## Task statement
When the string "keverorchis" occurs in a line of the listing below, return that line.

## Dataset content
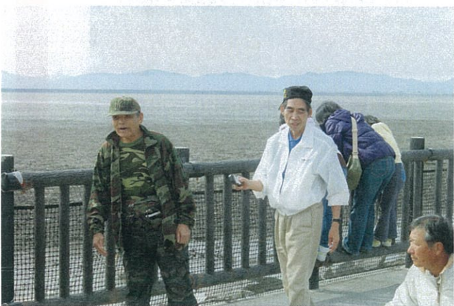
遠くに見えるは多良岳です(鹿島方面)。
* * *
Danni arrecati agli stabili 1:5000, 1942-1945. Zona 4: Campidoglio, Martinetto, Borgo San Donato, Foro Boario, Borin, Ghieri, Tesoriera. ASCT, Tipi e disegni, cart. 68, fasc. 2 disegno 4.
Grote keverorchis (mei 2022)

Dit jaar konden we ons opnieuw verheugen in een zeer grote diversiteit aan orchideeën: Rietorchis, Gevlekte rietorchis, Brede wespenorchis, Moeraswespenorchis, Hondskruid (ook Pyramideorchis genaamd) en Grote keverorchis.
* * *
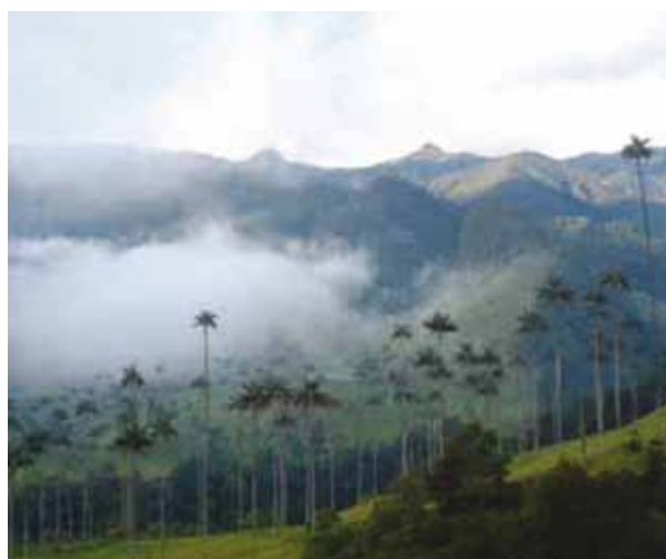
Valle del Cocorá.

## Answer for this exercise
Grote keverorchis (mei 2022)
Dit jaar konden we ons opnieuw verheugen in een zeer grote diversiteit aan orchideeën: Rietorchis, Gevlekte rietorchis, Brede wespenorchis, Moeraswespenorchis, Hondskruid (ook Pyramideorchis genaamd) en Grote keverorchis.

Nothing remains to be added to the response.